» **What you will do**: Your copy should match the entries exactly, with the pictures left out.
——
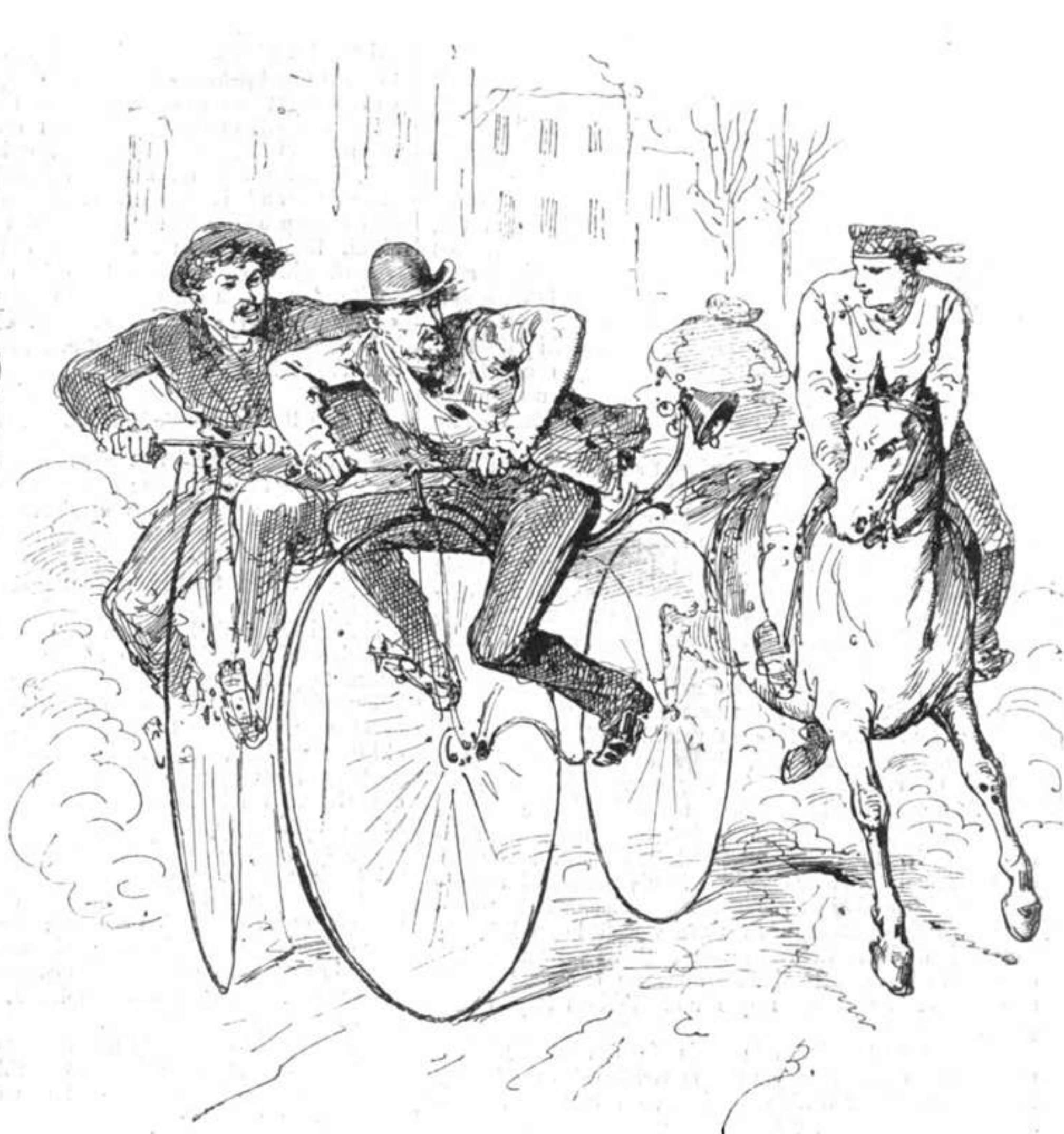
LES VÉLOCIPÈDES PERSÉCUTÉS.

— Pas de cas d'exemption? — Aucun. Seulement je désirerais être exempté d'aller à pied; je voudrais être dans les hussards. — A quatre roues.
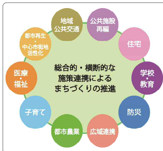
<総合的・横断的な都市づくりの体系イメージ>

都市づくりの分野においても、多岐にわたる施策との総合的・横断的な推進が求められ、防災や医療・福祉、子育て、学校・教育など様々な生活関連施策との連携を図ることが必要不可欠となっています。
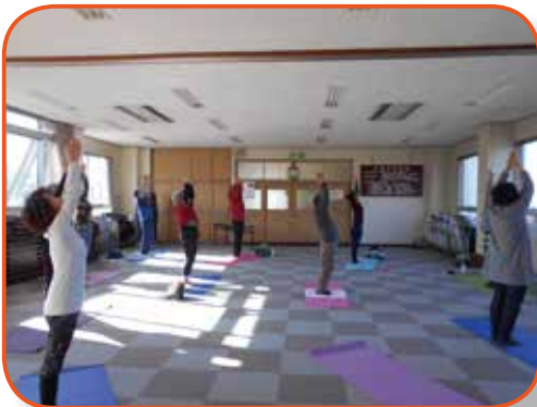
▲リフレッシュヨガ（坂公民館）
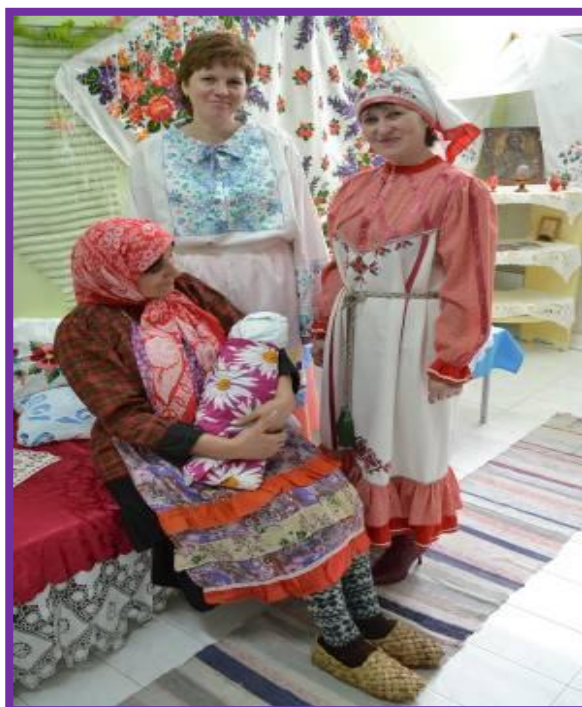
Фото 21. Ознакомление с особенностями национального костюма чувашского народа

Воспитатель. Переходим к выставке «Национальный костюм». (На фоне музыки).
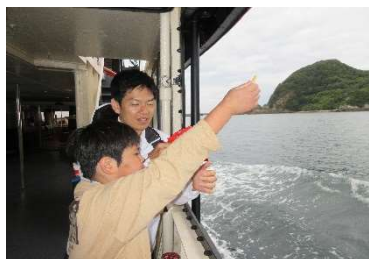
『カモメさん、どうぞ!』

5月25日は下田港内巡りができる「サスケハナ号」に乗船してきました。船が走り始めるとカモメやトンビが観光客のあげる「かっぱえびせん」目当てに集まってきました。自分たちもつまみながら、カモメやトンビへのエサやりを楽しみました。
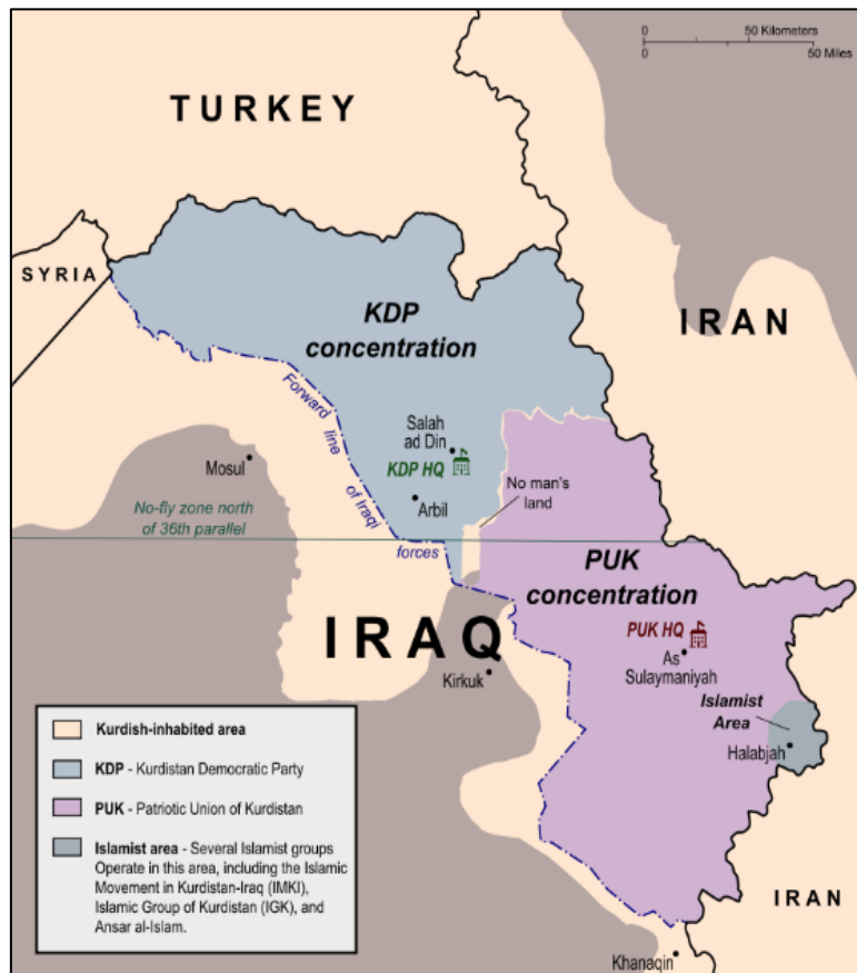
شکل ۱. نقشه تقسیم مناطق کردنشین عراق بین حزب دمکرات و اتحادیه میهنی در سال ۲۰۰۳
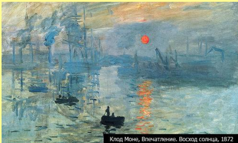
Клод Моне, Впечатление. Восход солнца, 1872
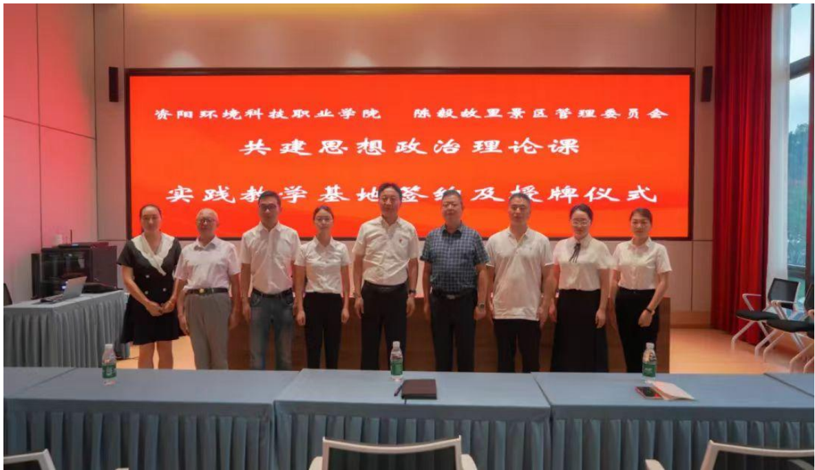
图 29 学院与陈毅故里景区管理会签约共建实践教育基地
——
» **Answer to the problem**:
LES VÉLOCIPÈDES PERSÉCUTÉS.

— Pas de cas d'exemption? — Aucun. Seulement je désirerais être exempté d'aller à pied; je voudrais être dans les hussards. — A quatre roues.
<総合的・横断的な都市づくりの体系イメージ>

都市づくりの分野においても、多岐にわたる施策との総合的・横断的な推進が求められ、防災や医療・福祉、子育て、学校・教育など様々な生活関連施策との連携を図ることが必要不可欠となっています。
▲リフレッシュヨガ（坂公民館）
Фото 21. Ознакомление с особенностями национального костюма чувашского народа

Воспитатель. Переходим к выставке «Национальный костюм». (На фоне музыки).
『カモメさん、どうぞ!』

5月25日は下田港内巡りができる「サスケハナ号」に乗船してきました。船が走り始めるとカモメやトンビが観光客のあげる「かっぱえびせん」目当てに集まってきました。自分たちもつまみながら、カモメやトンビへのエサやりを楽しみました。
شکل ۱. نقشه تقسیم مناطق کردنشین عراق بین حزب دمکرات و اتحادیه میهنی در سال ۲۰۰۳
Клод Моне, Впечатление. Восход солнца, 1872
图 29 学院与陈毅故里景区管理会签约共建实践教育基地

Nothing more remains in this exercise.